Database Server Sizing

By Chris Miller on 12 December 2000 | Tags: Application Design

Ascii255 writes "I am trying to create a site, which users can save their bookmarks upon registration . . . Lets say the site has 100k registered users, each cheking in daily. That means 100k queries made each day, among 2M records (assuming an avg user has 20 bookmarks). It is like one query/sec. What kind of hardware is adequate for that kind of process?"

The full text of the question is I am trying to create a site, which users can save their bookmarks upon registration. I created 2 tables, a user table to keep user information, and a table to keep bookmarks. (the second table is like, UsrID, Url) and I join the tables on UsrID. The thing works out fine now. But imagine this. Lets say the site has 100k registered users, each cheking in daily. That means 100k queries made each day, among 2M records (assuming an avg user has 20 bookmarks). It is like one query/sec. What kind of hardware is adequate for that kind of process?

Another database I am building is supposed to keep track of all the operations on 320 share quotes. That means like 3-5M insert statements everyday. I would like to keep track of at least 2 months, which gives me 300M rows. Can Mssql handle that much rows?

Big questions. I've got some answers, but more pointers on where you'll need to go to find more.

First off, good database design is more important than hardware. Good database design beats good hardware every time. Spend a lot of time on database design and indexing. OK, I think I've emphasized that enough.

Now, a few words on capacity planning. There are some interesting things to keep in mind with respect to how to predict traffic. For example, for sites that have predominantly US audiences, they receive about 10% of their daily traffic in their highest traffic hour. So if you're expecting 100K queries per day, you can probably expect 10K per hour. Well, that's the case if you're running a site here in the US, it just works out that way probably because of the number of covered timezones and usage patterns. Your mileage will vary. Ok, 10K per hour doesn't sound nearly as bad as you think, even out of 2M recs.

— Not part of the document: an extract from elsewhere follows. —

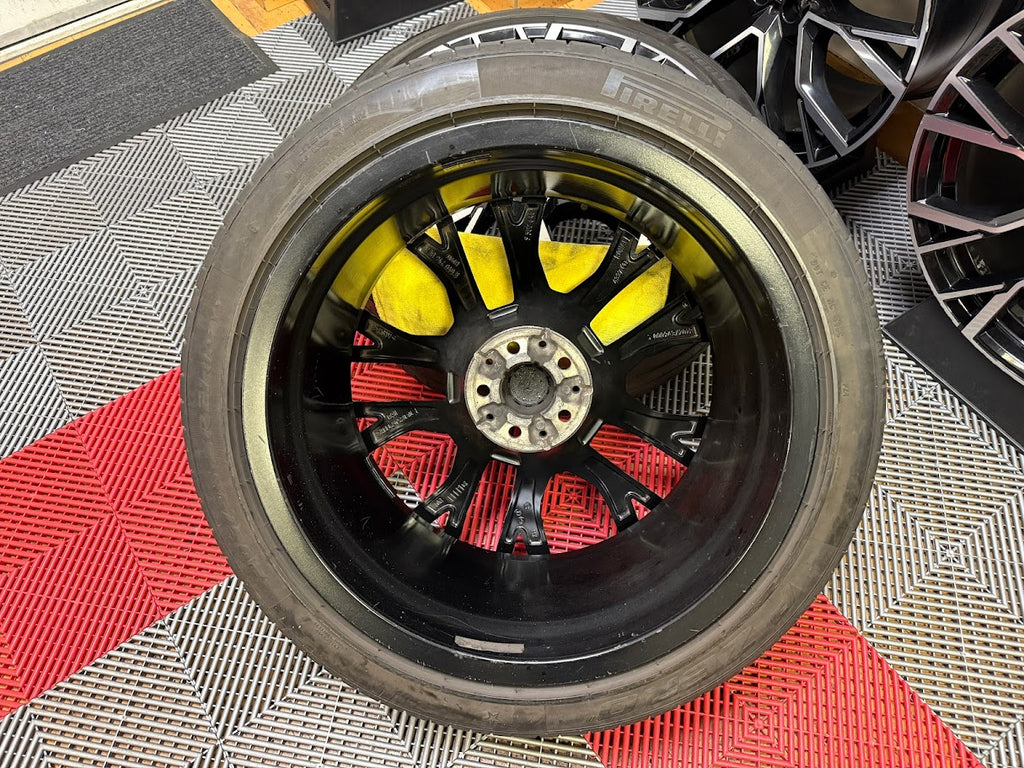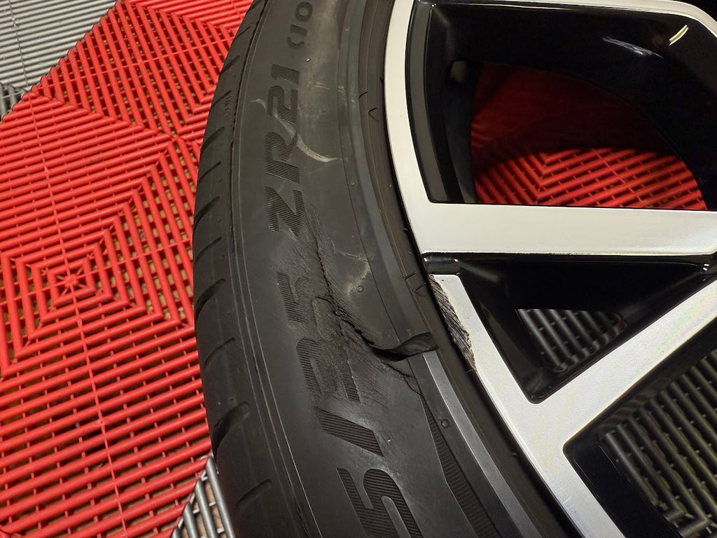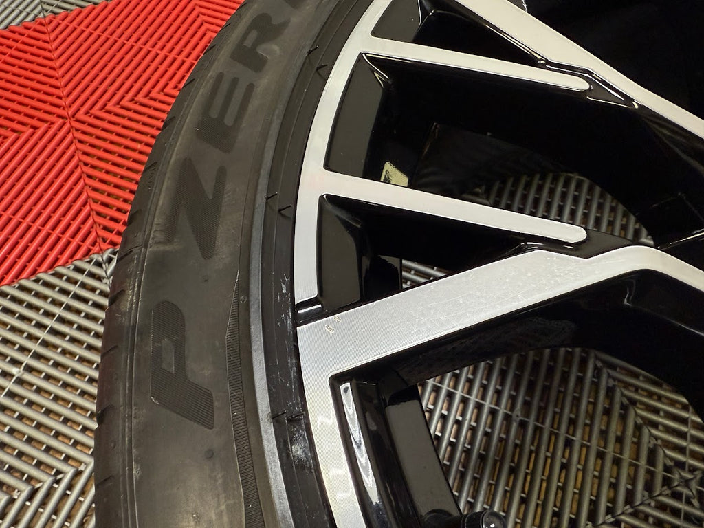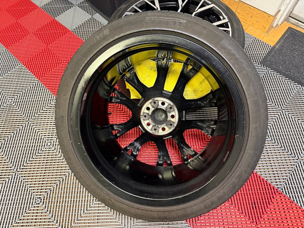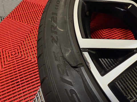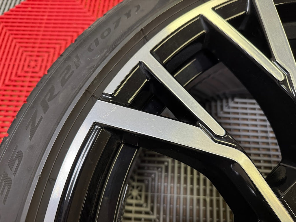 2 Pirelli P-Zero summer tires included on the front wheels. 295/35ZR21 size. Tires show between 5-6/32" of remaining tread and 2020/21 date codes. One tire has a slit on the sidewall, but no threads are visible and the tire still holds air - use is at buyer's own risk and discretion.

Let's look at what your bottlenecks will be. First, let's assume we're dealing with an integer UserID and a bookmark that can be at most 1 KB. So that's 1 KB plus 4 bytes per record, so for 2M records, you're looking at about 2.2 GB for the data space at maximum. If you use varchars to hold your URL's (a definite must in this case) you're probably looking at a lot less than half that. You'll probably also have an index on UserID, so that's another 400K for the index (rough estimates). The queries you're running are pretty simple, so it should run faster than hell, and then it'll get even faster as data gets into cache. If you're reading the data off disk too much, the server will die. OK, it won't die, but you'll have slow response instead of the crisp response you're looking for.

It shouldn't take a lot of box should to pull that off, but the big constraint is going to be the amount of memory you can get into the system. You want to have at least enough memory to cache most of the database and all of the indexes. Now, how big a box do you need to get? Well, I'd suggest building the database and then grabbing a separate workstation box and running a bunch of scripts to determine how much traffic you can actually handle on a box that size. Sizing hardware is very difficult and very dependent on your specific needs and database layouts.

The processor time consumed by this should be relatively small--that's where you've got to have good indexes. SQL Server 7 introduced a whole bunch of join types, but if you're using anything besides nice clean loop joins (the only join type available in SQL 6.5) you're chewing up huge amounts of processor time. How do you get loop joins? Good indexes.

Let's take a look at your overhead. First, you've got connection overhead from making and breaking connections, most of which should be alleviated by our good friend the Internet Information Server, which will pool the connections to keep the overhead of connect/disconnect/connect minimized by leaving connections open and reusing them. Second is insert/update overhead, and once again, if you've got the right indexes, this won't be too bad. Third is logging overhead: where and how are you going to log who hits your site? How do you know that someone didn't just connect, make 100 bookmarks, and then promptly forget their password and submit 100 new passwords. After a month or two, you'll need to be able to know which records aren't being used...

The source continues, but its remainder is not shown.